* Supplied information *

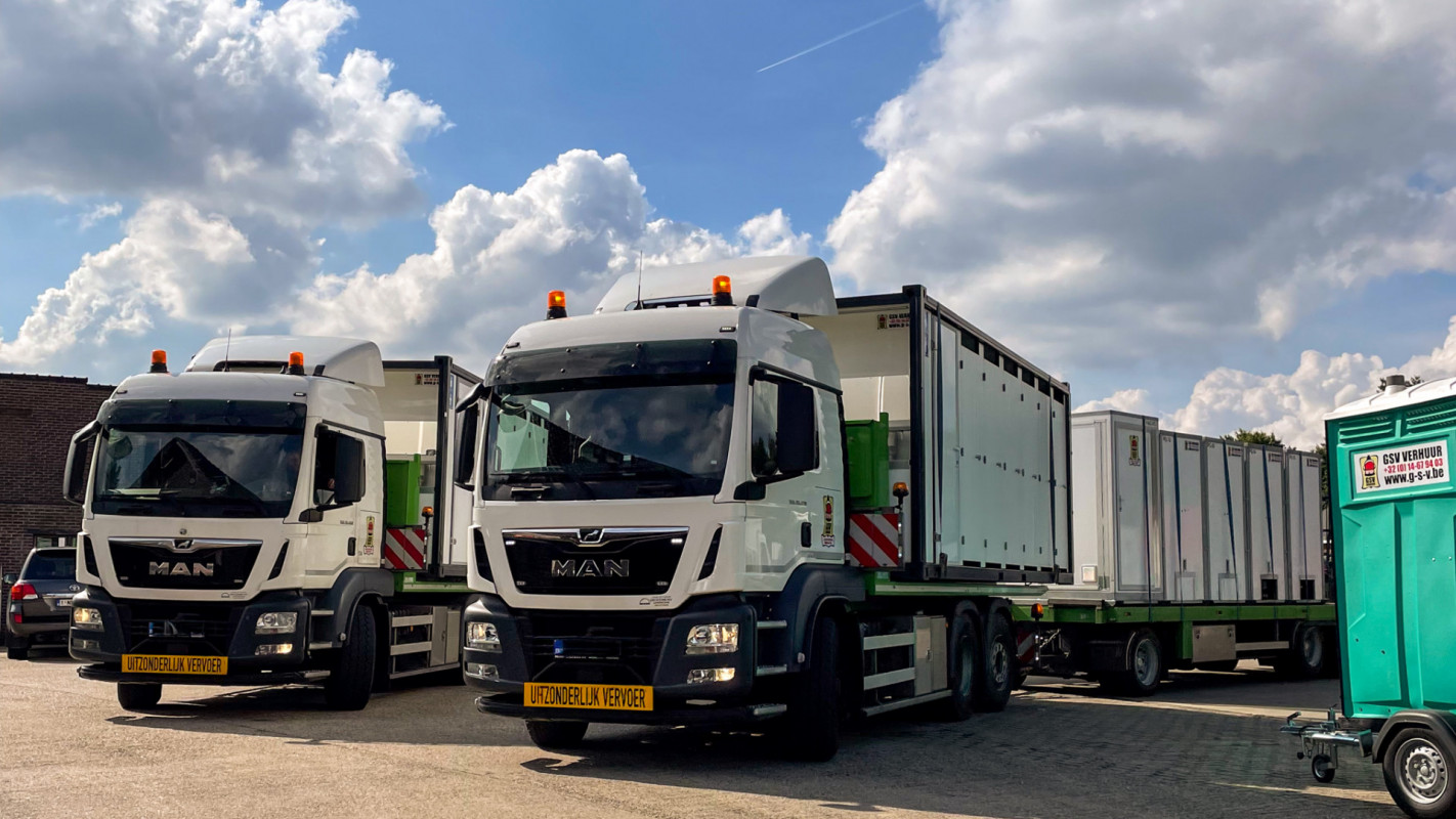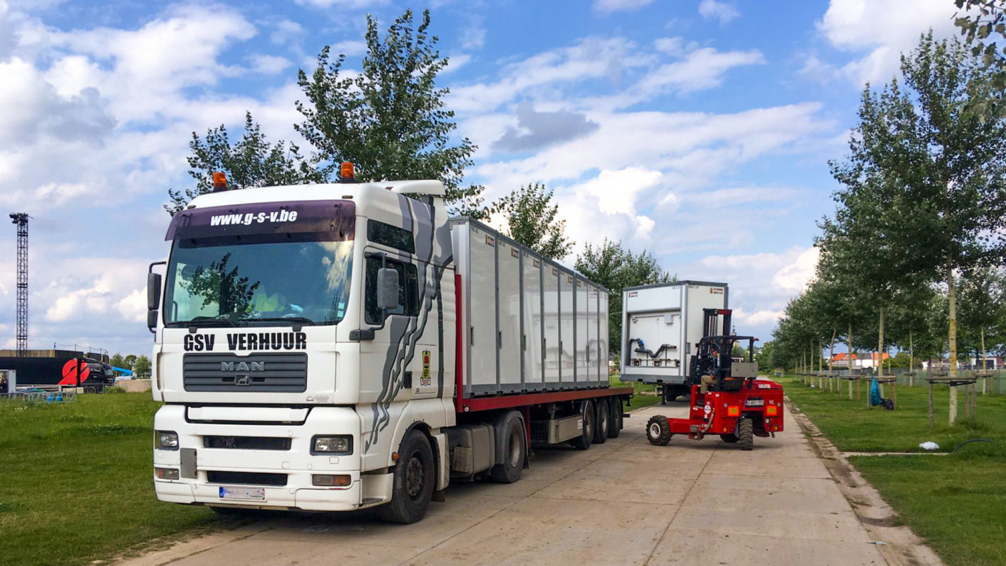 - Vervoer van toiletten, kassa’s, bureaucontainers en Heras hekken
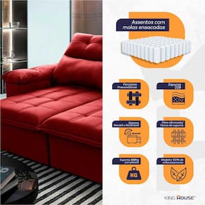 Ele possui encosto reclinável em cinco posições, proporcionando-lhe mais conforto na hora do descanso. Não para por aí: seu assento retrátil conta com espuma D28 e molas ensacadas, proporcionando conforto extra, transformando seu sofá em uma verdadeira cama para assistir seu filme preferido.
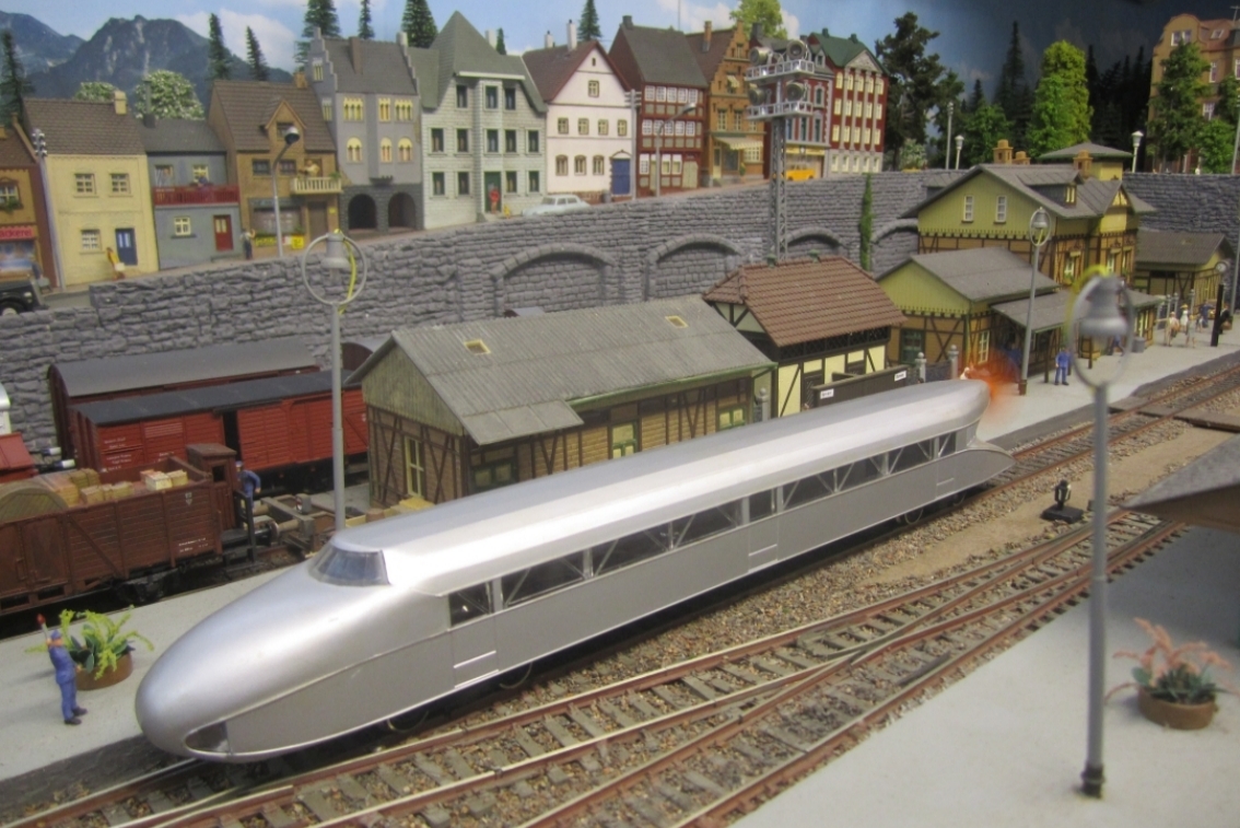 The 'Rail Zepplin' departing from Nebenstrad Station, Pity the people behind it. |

* Problem to work on *
Give back the data exactly. Pictures stay out.

* Answer *
 - Vervoer van toiletten, kassa’s, bureaucontainers en Heras hekken
 Ele possui encosto reclinável em cinco posições, proporcionando-lhe mais conforto na hora do descanso. Não para por aí: seu assento retrátil conta com espuma D28 e molas ensacadas, proporcionando conforto extra, transformando seu sofá em uma verdadeira cama para assistir seu filme preferido.
 The 'Rail Zepplin' departing from Nebenstrad Station, Pity the people behind it. |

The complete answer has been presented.